Required action: Repeat exactly, and nothing more, the lines from the one that includes "Harmonized system of" through the final line of the entries; skip the pictures.

Records from a data collection
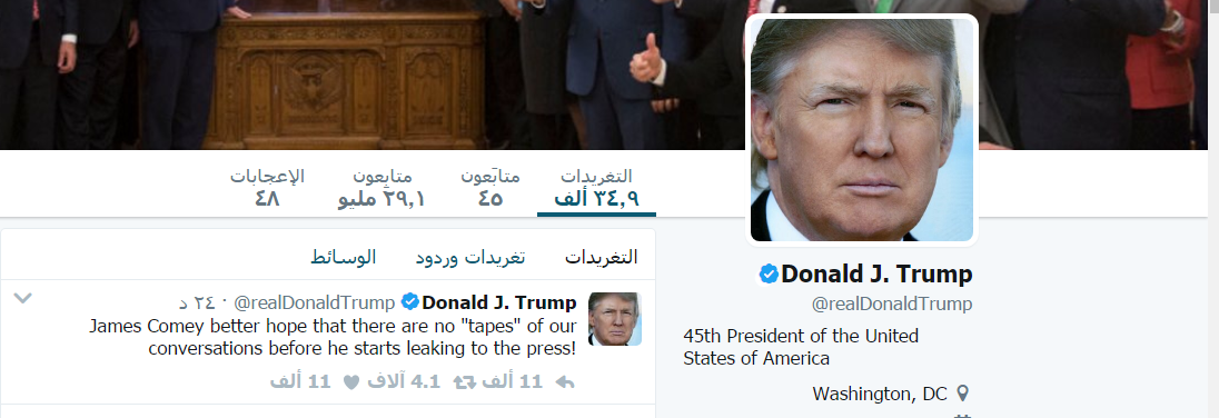 تحذيرات ترامب جاءت فى تغريدة له على صفحته بموقع التواصل الاجتماعى "تويتر".
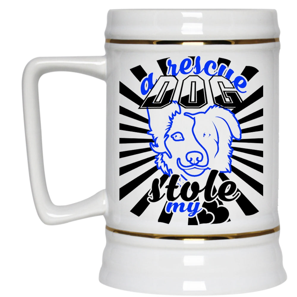 I Love Dogs Beer Stein 22oz, A Rescue Dog Stole My Heart Beer Mug
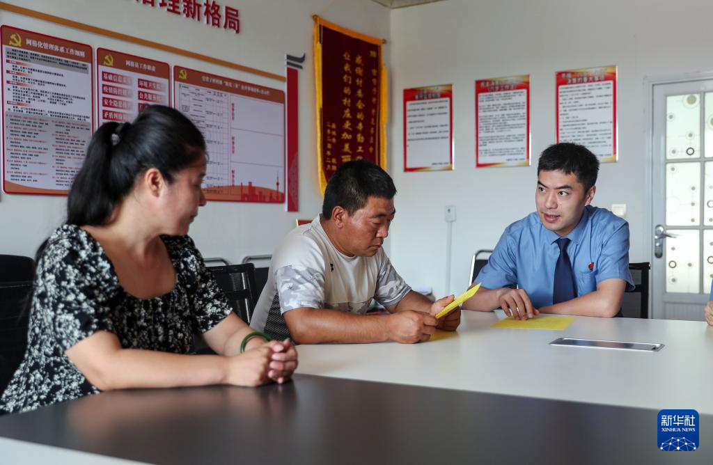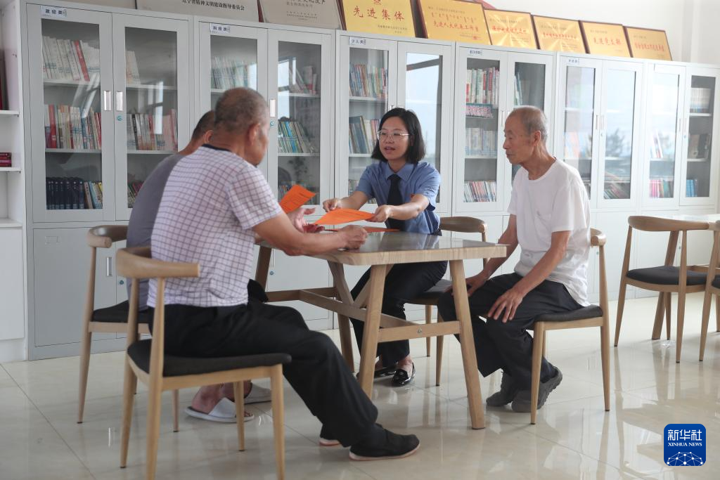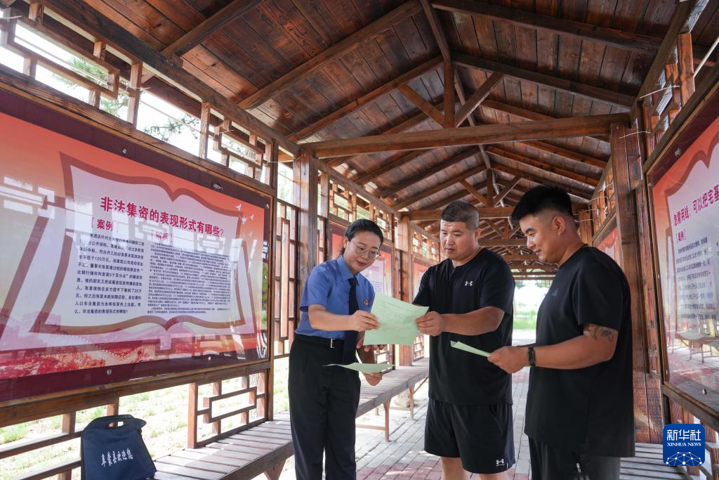 8月7日,辽宁阜新蒙古族自治县人民检察院检察人员在于寺镇官营子村向村民普及法律知识。
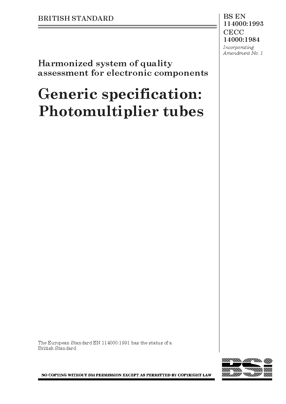 Harmonized system of quality assessment for electronic components: generic specification: photomultiplier tubes
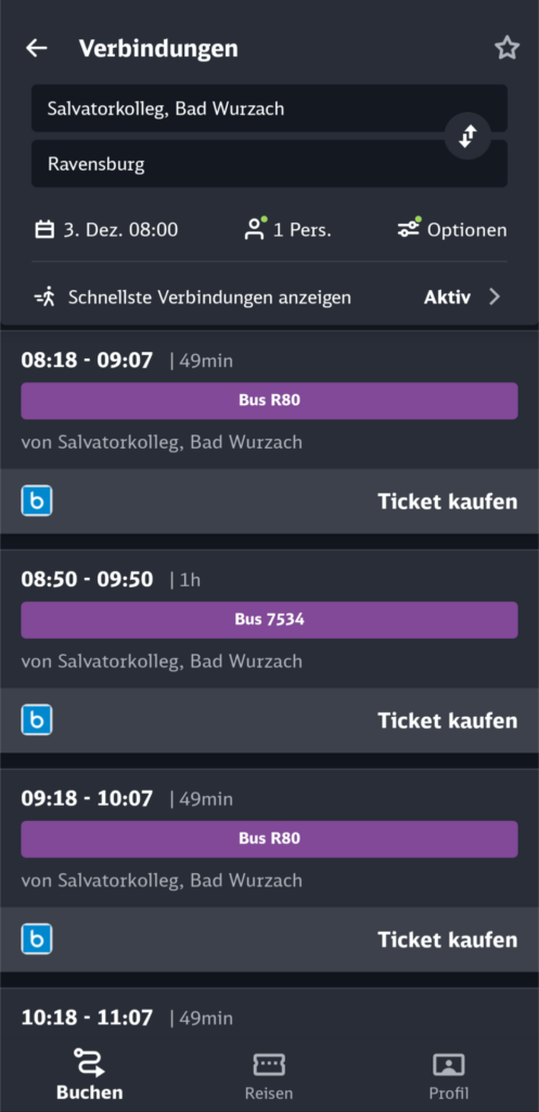 App DB Navigator: Innerhalb einer Stunde fahren drei Busse von Bad Wurzach nach Ravensburg. Eine Stunde später der nächste.
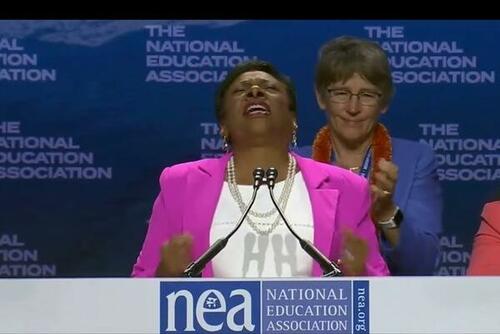 It recently held its annual conference, an event at which “approximately 6,000 educators meet to debate the vital issues that impact American public education and set National Education Association policy and activities for the year ahead.” At this year’s meeting, Becky Pringle, the NEA’s president, stood up to speak.

Task result:
 Harmonized system of quality assessment for electronic components: generic specification: photomultiplier tubes
 App DB Navigator: Innerhalb einer Stunde fahren drei Busse von Bad Wurzach nach Ravensburg. Eine Stunde später der nächste.
 It recently held its annual conference, an event at which “approximately 6,000 educators meet to debate the vital issues that impact American public education and set National Education Association policy and activities for the year ahead.” At this year’s meeting, Becky Pringle, the NEA’s president, stood up to speak.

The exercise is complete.